Published online Sep 7, 2017. doi: 10.3748/wjg.v23.i33.6147
Peer-review started: February 22, 2017
First decision: March 16, 2017
Revised: April 16, 2017
Accepted: June 18, 2017
Article in press: June 19, 2017
Published online: September 7, 2017
Processing time: 198 Days and 3.2 Hours
To investigate markers for high-grade dysplasia for the optimal timing of liver transplantation in patients with primary sclerosing cholangitis (PSC).

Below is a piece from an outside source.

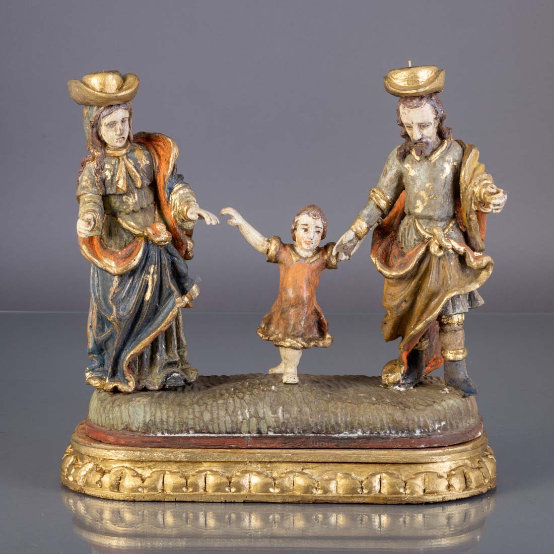 Grupo escultórico em madeira policromada e dourada, base com entalhamentos dourados. Pequenas falhas e defeitos, base com vestígios de xilófagos.

Earlier data support a dysplasia-carcinoma sequence, even low- to high-grade dysplasia, in PSC-associated cholangiocarcinoma (CCA). Surveillance using endoscopic retrograde cholangiography (ERC) and brush cytology aims to detect cases of biliary dysplasia, and liver transplantation is an option in cases with suspicion of malignancy in brushing. This study investigated markers to identify patients with high-grade biliary dysplasia for optimal timing in early liver transplantation. Patients undergoing surveillance using ERC and brush cytology during 2008-2014 and who were diagnosed with biliary dysplasia in explanted liver or CCA until February 2016 were included in the study. Demographic data, cholangiography findings, laboratory values, cytological morphology and DNA ploidy were analysed.
Thirty PSC patients had biliary neoplasia in the explanted liver during the study period. Sixteen of these patients had low-grade dysplasia, 10 patients had high-grade dysplasia, and 4 patients had CCA. Fifteen PSC patients diagnosed with CCA were not transplanted. Patients with low-grade dysplasia were younger. Alkaline phosphatase or carcinoembryonic antigen values did not differ between groups during surveillance, but carbohydrate antigen 19-9 was higher in CCA patients. No difference in PSC duration, ERC scores, suspicious cytology, or ploidy analysis was found between groups. No difference was observed between fibrosis stage in explanted livers. Low- and high-grade dysplasia could not be differentiated before liver transplantation based on liver enzymes, tumour markers, ERC scores, brush cytology or DNA ploidy.
Repeated suspicion of neoplasia in brush cytology should be an indication for evaluations of liver transplantation prior to the development of CCA.
Core tip: We investigated markers of high-grade dysplasia for the optimal timing of early liver transplantation (LT) in patients with primary sclerosing cholangitis (PSC). PSC patients in our unit undergo surveillance with endoscopic retrograde cholangiography (ERC) and brush cytology (BC) to identify evidence of dysplasia before progression to cholangiocarcinoma. Carbohydrate antigen 19-9 was higher in patients with cholangiocarcinoma, but no other differences between laboratory values, ERC scores, BC or ploidy analysis between the low-grade, high-grade or CCA groups were observed. Repeated suspicion of neoplasia in BC should be an indication for the evaluation for LT prior to the development of cholangiocarcinoma.